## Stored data
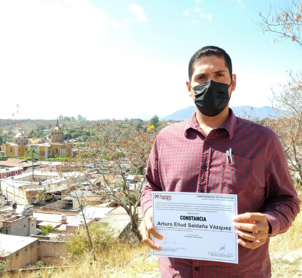 La Comisión de Procesos Internos del Partido Revolucionario Institucional (PRI) otorgaron este viernes -12 de febrero- a Arturo Eliud Saldaña Vázquez, la constancia que lo acredita como candidato a la presidencia municipal de Tecolotlán por el principio de mayoría relativa.
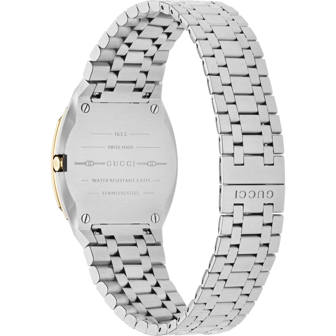 Während die G-Timeless meist klassisch-rund und flacher gestaltet ist, hebt sich die 25H durch ihr mehrlagiges, architektonisch inspiriertes Gehäuse sowie auffällige Details wie das Interlocking-G und die Gelbgold-Akzente ab. Beide Modelle sind Swiss Made, doch die 25H richtet sich an Liebhaber von Design mit Statement.
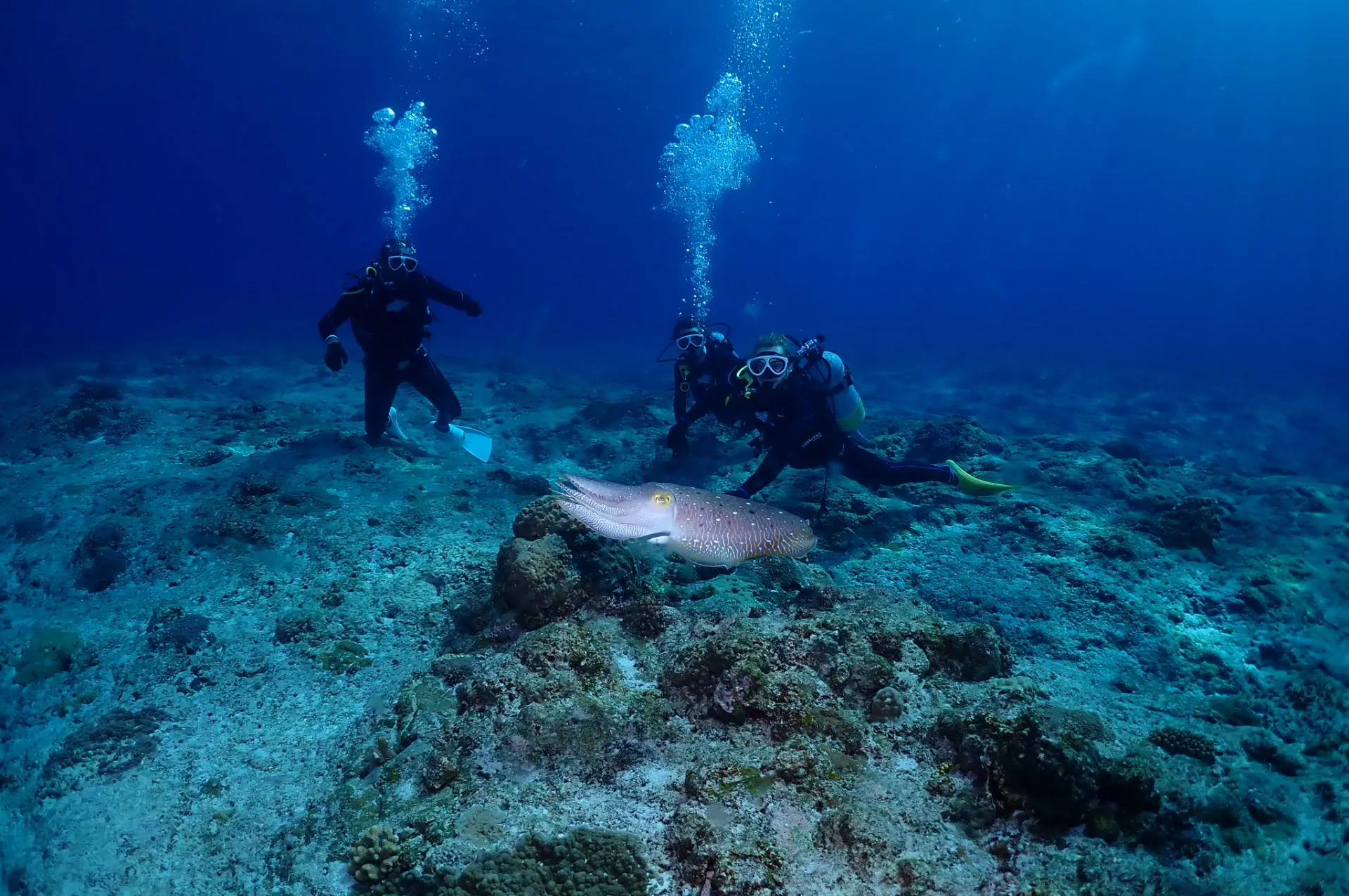 日本からのお客様はやったことありましたがだいぶ前とのことですこし緊張していましたがスムーズに潜ることができてコブシメやクマノミに癒されてきました
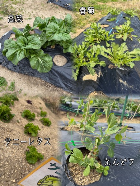 EMIRAIZの畑の近所の方が高菜・春菊・サニーレタス・えんどうの苗をくださり、EMIRAIZの畑にみんなで植えていました。
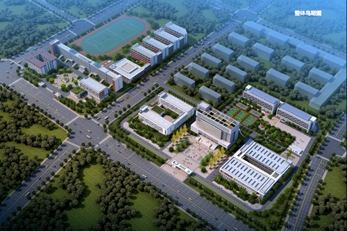 工程位于安徽泗县东二环路与二环北路交口东北角,设计拟建试验楼、实训楼、综合办公楼、宿舍楼及相关配套设施,总建筑面积约50000平方米。其中教学楼位于西地块的东南角,为一栋5层建筑和1层裙房,主要功能为教学楼和报告厅;综合办公楼位于东地块的中心,为一栋9层建筑,主要功能为会议室、图书室、办公室和学生活动室;实验楼位于东地块的西南角,为一栋4层的建筑,主要功能为实验室;宿舍楼位于东地块的北侧,为两栋6层的建筑。
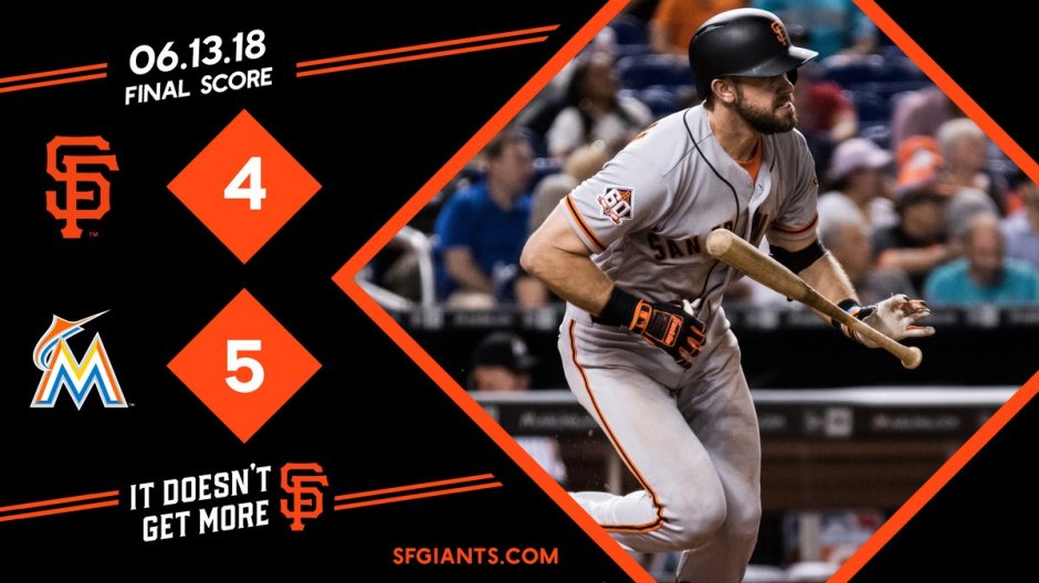 The Giants led for most of the game, but Miami kept hanging around and kept themselves in the game before eventually overtaking the visiting team in the bottom of the ninth, as Brian Anderson’s sac fly brought in the winning run.
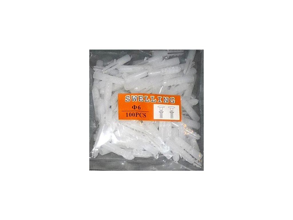Hmoždinka 6mm nylonová bílá, balení 100ks
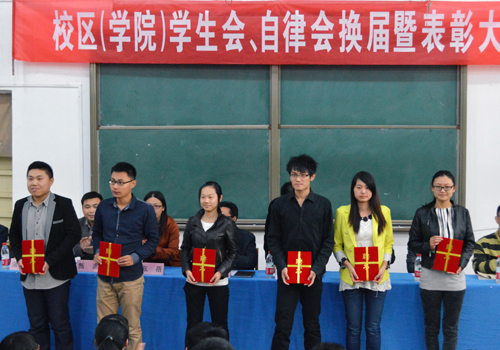 大会表彰了上届学生会等校级学生组织的优秀学生干部、优秀干事,同时公布了2013-2014学年校区(学院)学生组织干部名单。随后,为2012-2013学年优秀学生干部和优秀干事代表颁发证书,为新一届学生会主席团、自律会主任团成员颁发聘书。
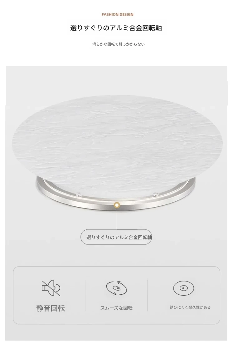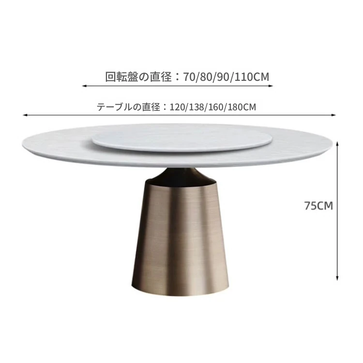 新作!エレガントな大理石の回転式ラウンドダイニングテーブル - モダンでシンプルなヨーロピアンスタイル、家庭用に最適!高級感あふれるデザインで、食事の時間を特別なものに。

## Exercise details
Could you retype every line above exactly as it appears, skipping the pictures?

## Written response
 La Comisión de Procesos Internos del Partido Revolucionario Institucional (PRI) otorgaron este viernes -12 de febrero- a Arturo Eliud Saldaña Vázquez, la constancia que lo acredita como candidato a la presidencia municipal de Tecolotlán por el principio de mayoría relativa.
 Während die G-Timeless meist klassisch-rund und flacher gestaltet ist, hebt sich die 25H durch ihr mehrlagiges, architektonisch inspiriertes Gehäuse sowie auffällige Details wie das Interlocking-G und die Gelbgold-Akzente ab. Beide Modelle sind Swiss Made, doch die 25H richtet sich an Liebhaber von Design mit Statement.
 日本からのお客様はやったことありましたがだいぶ前とのことですこし緊張していましたがスムーズに潜ることができてコブシメやクマノミに癒されてきました
 EMIRAIZの畑の近所の方が高菜・春菊・サニーレタス・えんどうの苗をくださり、EMIRAIZの畑にみんなで植えていました。
 工程位于安徽泗县东二环路与二环北路交口东北角,设计拟建试验楼、实训楼、综合办公楼、宿舍楼及相关配套设施,总建筑面积约50000平方米。其中教学楼位于西地块的东南角,为一栋5层建筑和1层裙房,主要功能为教学楼和报告厅;综合办公楼位于东地块的中心,为一栋9层建筑,主要功能为会议室、图书室、办公室和学生活动室;实验楼位于东地块的西南角,为一栋4层的建筑,主要功能为实验室;宿舍楼位于东地块的北侧,为两栋6层的建筑。
 The Giants led for most of the game, but Miami kept hanging around and kept themselves in the game before eventually overtaking the visiting team in the bottom of the ninth, as Brian Anderson’s sac fly brought in the winning run.
Hmoždinka 6mm nylonová bílá, balení 100ks
 大会表彰了上届学生会等校级学生组织的优秀学生干部、优秀干事,同时公布了2013-2014学年校区(学院)学生组织干部名单。随后,为2012-2013学年优秀学生干部和优秀干事代表颁发证书,为新一届学生会主席团、自律会主任团成员颁发聘书。
 新作!エレガントな大理石の回転式ラウンドダイニングテーブル - モダンでシンプルなヨーロピアンスタイル、家庭用に最適!高級感あふれるデザインで、食事の時間を特別なものに。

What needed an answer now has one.